**SUPPLIED RECORDS**
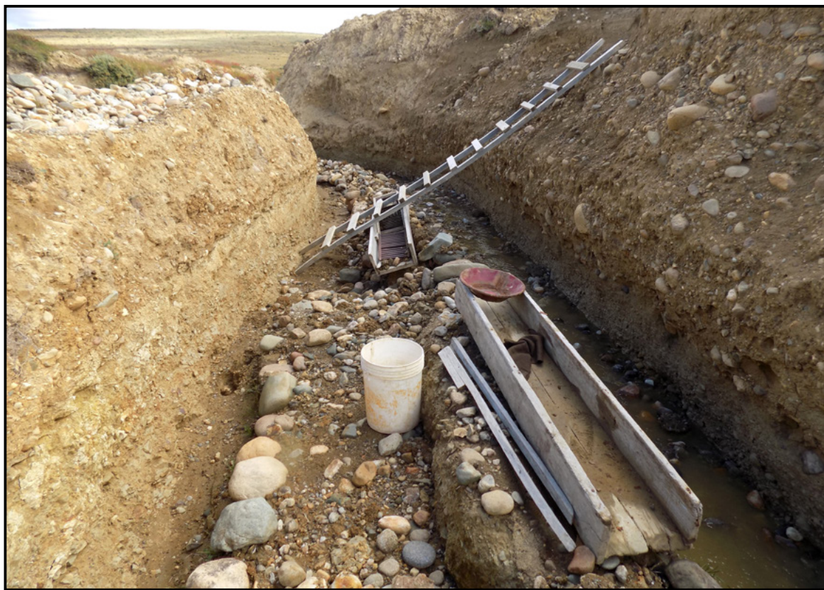
Figura 2. Herramientas de extracción aurífera en cordón Baquedano.
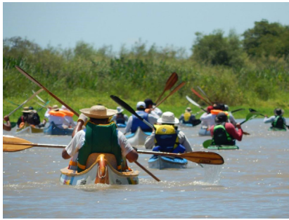
Imagen 4
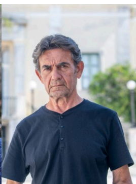
Βαγγέλης Πολίτης-Στεργίου Δρ. Ανθρωπιστικών Επιστημών, Ομότιμος Καθηγητής, πρόεδρος Αχαϊκής Εταιρείας Μελετών
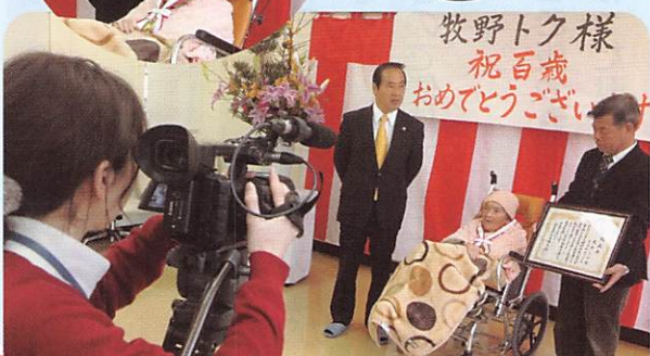
ケーブルTVで放送されました!
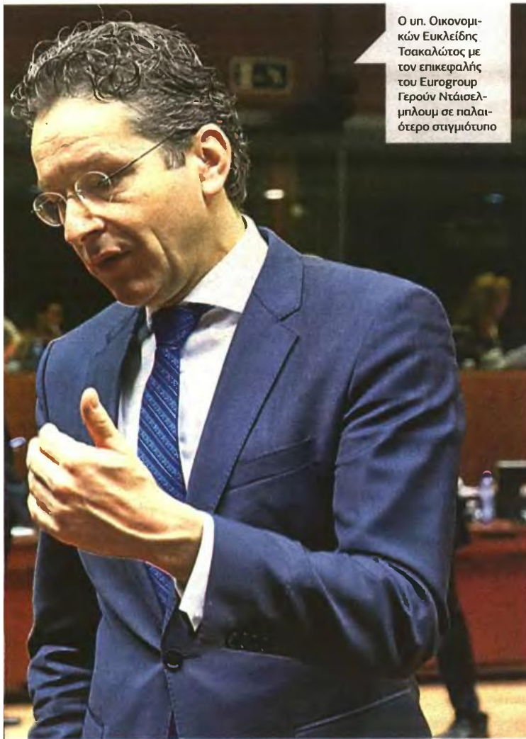
Ο υπ. Οικονομικών Ουκλείδης Τσακαλώτος με τον επικεφαλής του Ευρογρουπ Γερούν Ντσίσελμπλουμ σε παλαιότερο στιγμιότυπο

μάχη για την αποφυγή των μέτρων, που παρουσιάζονται ως «κόκκινη» γραμμή. Η κυβέρνηση θα πρέπει, τέλος, να νομοθετήσει την αλλαγή του συνδικαλιστικού νόμου, αλλά και τον τρόπο με τον οποίο λαμβάνονται οι αποφάσεις από τα συνδικάτα για τις απεργίες. Σύμφωνα με τα όσα έχει ζητήσει το «κουαρτέτο», το υπουργείο Εργασίας θα πρέπει να νομοθετήσει ότι για την κήρυξη απεργίας θα απαιτείται η ψήφος του 50% +1% όλων των μελών των πρωτοβάθμιων συνδικαλιστικών σωματείων.

**WHAT THIS TASK INVOLVES**
Print the data above from its first line through the line that has "Ο υπ. Οικονομικών", exactly and with nothing else, omitting pictures.

**COMPLETED TASK**
Figura 2. Herramientas de extracción aurífera en cordón Baquedano.
Imagen 4
Βαγγέλης Πολίτης-Στεργίου Δρ. Ανθρωπιστικών Επιστημών, Ομότιμος Καθηγητής, πρόεδρος Αχαϊκής Εταιρείας Μελετών
ケーブルTVで放送されました!
Ο υπ. Οικονομικών Ουκλείδης Τσακαλώτος με τον επικεφαλής του Ευρογρουπ Γερούν Ντσίσελμπλουμ σε παλαιότερο στιγμιότυπο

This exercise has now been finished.